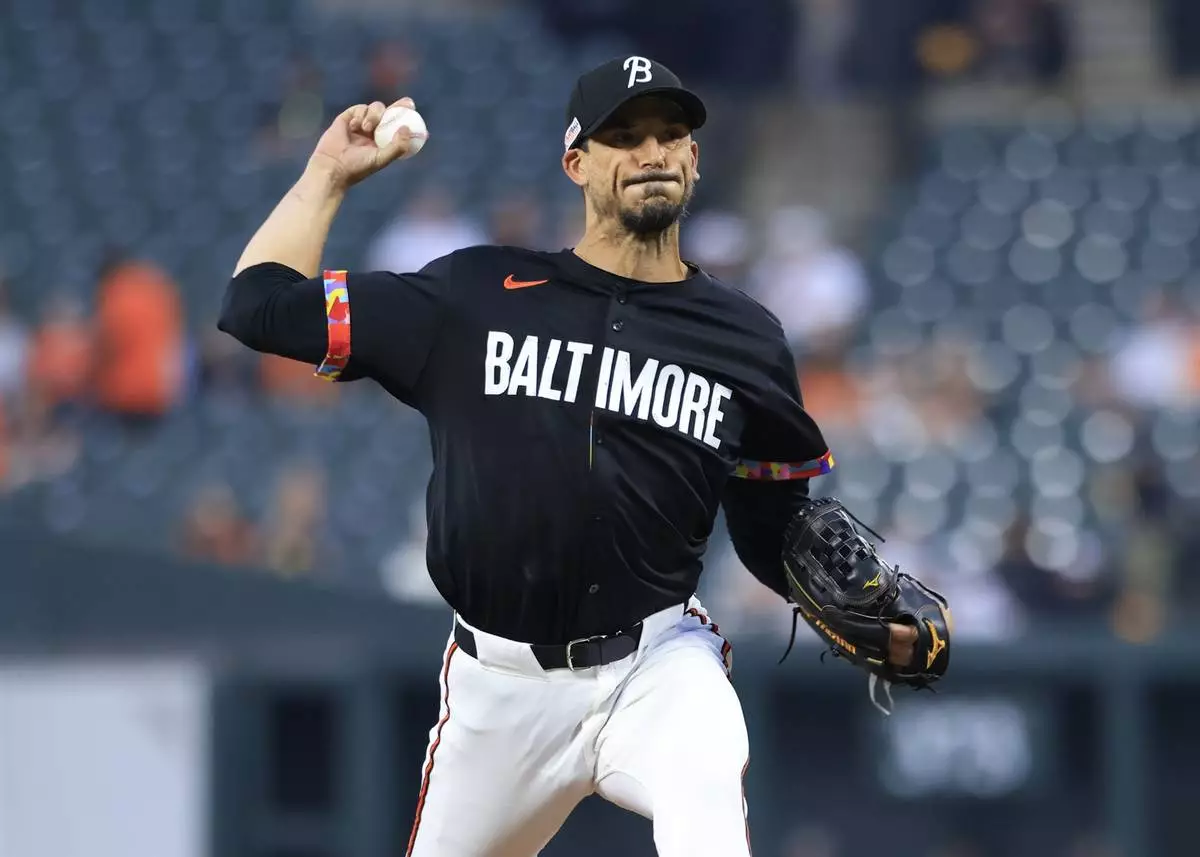 Baltimore Orioles pitcher Charlie Morton throws during the first inning of a baseball game against the Los Angeles Angels, Friday, June 13, 2025, in Baltimore. (AP Photo/Alyssa Howell)
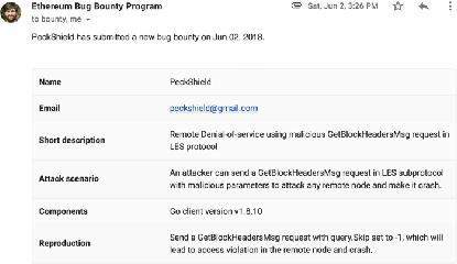6月28日凌晨3点,北京时间 在刚刚结束的硅谷Blockchain 新手如何炒钱来推广和卖钱 Connect Conference会议现场,区块链安全公司PeckShield披露可能导致以太坊的披露geth节点休克或崩溃的安全性BUG。PeckShield将披露的BUG命名为“Ethereum Packet of Death(EPoD)”,即“致命报文”,攻击者可以发送恶意报纸geth攻击节点。geth它是以太坊主流的官方客户端,被许多重要节点采用,这意味着一旦攻击者使用它BUG所有向以太坊都受到影响geth对节点进行攻击,所涉及的相关节点随时可能停止。对于整个以太坊网络,这样BUG恶性竞争将扰乱市场秩序,造成不可估量的严重损失。
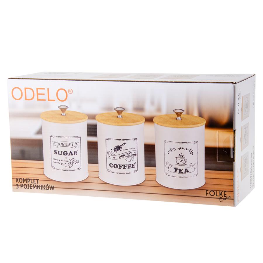 Komplet pojemników FOLKE Cream – styl i funkcjonalność w Twojej kuchni Zestaw 3 stalowych pojemników z bambusowymi pokrywami to idealne rozwiązanie do przechowywania cukru, kawy i herbaty. Utrzymane w stylu retro, łączą klasyczny wygląd z nowoczesną praktycznością. Stylowe i szczelne – doskonały akcent dekoracyjny i użytkowy.
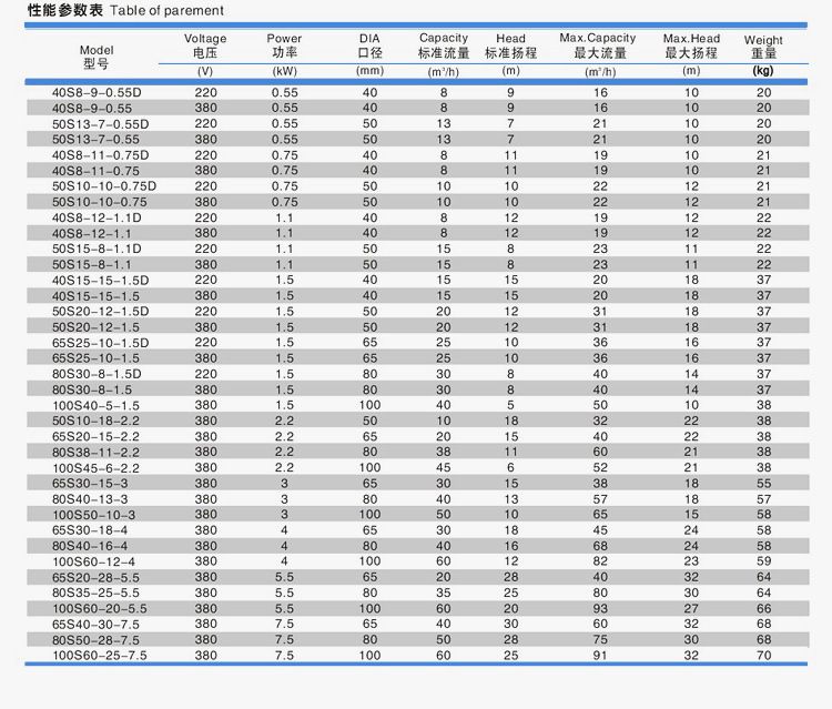 型號 | 電壓 | 功率 | 出口 | 標(biāo)準(zhǔn)流量 | 標(biāo)準(zhǔn)揚(yáng)程 | 最大流量 | 最大揚(yáng)程 | 重量 |
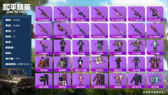 级52-法斗尖椒面罩-雪山精英-素材号】安卓 手Q-0粉装-0特效枪-0载具-0粉色飞行器-7514热力值-1王牌印记-25套装-29枪皮 【稀有枪皮】:AKM-灼热熔岩,AKM-霓虹街区,M416-夜灯,M416-红色方程式,M416-绯红前夜,M416-蓝色火焰,GROZA-生命誓言,M762-拳皇97,Vector-生命誓言,SKS-夜灯,S686-红色方程式,S1897
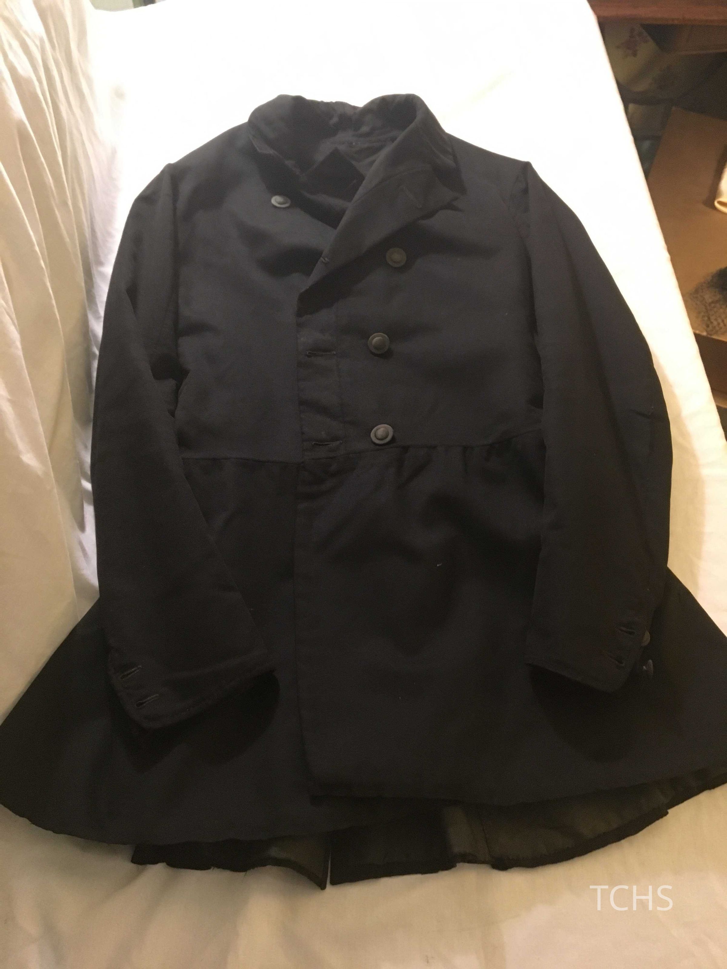 Black jacket (unsure mens or womens?) with four fabriced buttons down front to close. Buttons also present at sleeve cuffs. Button is comprised of separate section with a slight flareAcquisition

---

Could you return, word for word, every line from the line with "Komplet pojemników FOLKE" through the last line of the listing above, both ends included, without any pictures?

 Komplet pojemników FOLKE Cream – styl i funkcjonalność w Twojej kuchni Zestaw 3 stalowych pojemników z bambusowymi pokrywami to idealne rozwiązanie do przechowywania cukru, kawy i herbaty. Utrzymane w stylu retro, łączą klasyczny wygląd z nowoczesną praktycznością. Stylowe i szczelne – doskonały akcent dekoracyjny i użytkowy.
 型號 | 電壓 | 功率 | 出口 | 標(biāo)準(zhǔn)流量 | 標(biāo)準(zhǔn)揚(yáng)程 | 最大流量 | 最大揚(yáng)程 | 重量 |
 级52-法斗尖椒面罩-雪山精英-素材号】安卓 手Q-0粉装-0特效枪-0载具-0粉色飞行器-7514热力值-1王牌印记-25套装-29枪皮 【稀有枪皮】:AKM-灼热熔岩,AKM-霓虹街区,M416-夜灯,M416-红色方程式,M416-绯红前夜,M416-蓝色火焰,GROZA-生命誓言,M762-拳皇97,Vector-生命誓言,SKS-夜灯,S686-红色方程式,S1897
 Black jacket (unsure mens or womens?) with four fabriced buttons down front to close. Buttons also present at sleeve cuffs. Button is comprised of separate section with a slight flareAcquisition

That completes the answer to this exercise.